By Susan Scutti - Apr 8, 2016

Testosterone Shots and Gel May Reduce Heart Attack Risk In Men With Coronary Artery Disease

Last year, the Food and Drug Administration required manufacturers of testosterone products to add new label information warning of a possible increased risk of heart attacks and strokes. A new study suggests this may be both unnecessary and unhealthy for some men. Testosterone therapy or T therapy helped men with preexisting coronary artery disease reduce their risks of strokes, heart attacks, and even death.

In fact, the men who did not receive testosterone as part of their treatment were 80 percent more likely to suffer an adverse event, such as a heart attack, than those taking T.

Testosterone is a sex hormone that is commonly thought to regulate sex drive, bone mass, fat distribution, muscle mass and strength, and to be responsible for the production of sperm and red blood cells in men. As men age, they generally make less testosterone at a rate of about 1 to 2 percent per year. A man in his 70s may have half the testosterone he had at age 20.
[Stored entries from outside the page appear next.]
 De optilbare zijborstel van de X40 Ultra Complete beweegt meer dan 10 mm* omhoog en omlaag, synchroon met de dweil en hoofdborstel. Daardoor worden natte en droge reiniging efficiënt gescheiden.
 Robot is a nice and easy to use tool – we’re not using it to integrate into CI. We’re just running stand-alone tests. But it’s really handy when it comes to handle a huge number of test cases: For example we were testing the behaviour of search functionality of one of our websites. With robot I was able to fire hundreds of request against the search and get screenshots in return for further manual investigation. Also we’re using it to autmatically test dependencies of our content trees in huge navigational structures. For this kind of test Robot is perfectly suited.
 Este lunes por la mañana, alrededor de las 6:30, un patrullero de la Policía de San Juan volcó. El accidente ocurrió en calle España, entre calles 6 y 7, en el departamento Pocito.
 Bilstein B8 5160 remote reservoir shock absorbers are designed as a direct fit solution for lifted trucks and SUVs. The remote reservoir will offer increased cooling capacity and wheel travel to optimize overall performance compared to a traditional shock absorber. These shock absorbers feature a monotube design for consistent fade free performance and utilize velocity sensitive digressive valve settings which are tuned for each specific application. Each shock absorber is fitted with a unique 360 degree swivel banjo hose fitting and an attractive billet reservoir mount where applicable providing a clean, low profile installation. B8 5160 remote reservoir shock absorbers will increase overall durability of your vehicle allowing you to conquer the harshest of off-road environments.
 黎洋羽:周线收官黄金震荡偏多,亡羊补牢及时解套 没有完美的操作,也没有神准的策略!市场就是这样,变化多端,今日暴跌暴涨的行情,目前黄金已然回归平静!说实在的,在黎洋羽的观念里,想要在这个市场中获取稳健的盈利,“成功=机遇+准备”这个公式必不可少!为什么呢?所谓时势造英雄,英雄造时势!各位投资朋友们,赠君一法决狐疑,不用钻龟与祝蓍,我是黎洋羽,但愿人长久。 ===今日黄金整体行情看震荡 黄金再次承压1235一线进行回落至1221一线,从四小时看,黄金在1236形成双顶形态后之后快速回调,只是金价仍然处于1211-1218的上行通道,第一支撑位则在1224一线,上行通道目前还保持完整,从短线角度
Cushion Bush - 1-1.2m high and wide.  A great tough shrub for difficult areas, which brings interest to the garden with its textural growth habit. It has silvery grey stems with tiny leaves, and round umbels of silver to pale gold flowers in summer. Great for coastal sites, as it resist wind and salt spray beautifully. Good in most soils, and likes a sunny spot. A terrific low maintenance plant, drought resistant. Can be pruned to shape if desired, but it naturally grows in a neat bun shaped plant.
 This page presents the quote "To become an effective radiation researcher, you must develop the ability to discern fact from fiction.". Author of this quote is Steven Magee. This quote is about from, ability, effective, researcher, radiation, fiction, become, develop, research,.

Though this may be normal, some men feel the effects more strongly than others. Low testosterone levels may contribute to depression, decreased bone density, increased body fat, insomnia, and diminished sexual desire. For these reasons, some doctors prescribe T to their patients with only age-related hormone decline. While prescription testosterone is an FDA-approved therapy, the agency only sanctions it for men who have low T levels due to disorders causing hypogonadism, where the body doesn’t produce enough of the hormone. The benefits and safety of using T to treat age-related low levels have not been established, says the FDA.
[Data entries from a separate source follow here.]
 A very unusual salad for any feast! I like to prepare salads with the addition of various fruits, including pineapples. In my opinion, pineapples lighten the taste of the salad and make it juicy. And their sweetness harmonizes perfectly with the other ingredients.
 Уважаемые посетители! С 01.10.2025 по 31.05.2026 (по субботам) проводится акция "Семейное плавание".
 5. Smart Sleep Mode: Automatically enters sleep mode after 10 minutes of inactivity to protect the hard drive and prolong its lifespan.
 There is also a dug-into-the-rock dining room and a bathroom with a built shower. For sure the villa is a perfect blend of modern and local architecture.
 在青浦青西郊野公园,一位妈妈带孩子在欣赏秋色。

However, a previous Intermountain Medical Center study explored the effects of supplemental T in men with no prior history of heart disease and found it did not increase the risk of stroke or heart attack. The current study, then, investigated possible risks in using T therapy among men with heart disease.

Specifically, the researchers worked with 755 patients, between the ages of 58 and 78, at Intermountain Healthcare hospitals. All the men suffered from severe coronary artery disease. The researchers split the participants into three separate groups and gave each group either a low dose of testosterone (administered by injection or gel), a high dose of testosterone, or none at all.

After one year, 64 patients who were not taking testosterone supplements suffered a major adverse cardiovascular event, the researchers report. By comparison, only 12 of the men taking medium doses of testosterone and nine taking high doses suffered a similar major event. After three years, 125 non-testosterone-therapy patients suffered major events, while only 38 medium-dose and 22 high-dose patients did.

As a small, observational study, it does not provide enough scientific evidence for the FDA to change its guidelines. Still, the results indicate hormone replacement may protect low T men with coronary artery disease. In light of this, the researchers say a randomized clinical trial is needed to either confirm or refute these new results.

Source: Muhlestein B, Bair TL, May HL, Le V, Lappé DL, Anderson JL. Clinical Effects of Testosterone Supplementation Among Hypo-androgenic Men with Preexisting Severe Coronary Artery Disease: The Intermountain Heart Collaborative Study. American College of Cardiology's 65th Annual Scientific Session. 2016.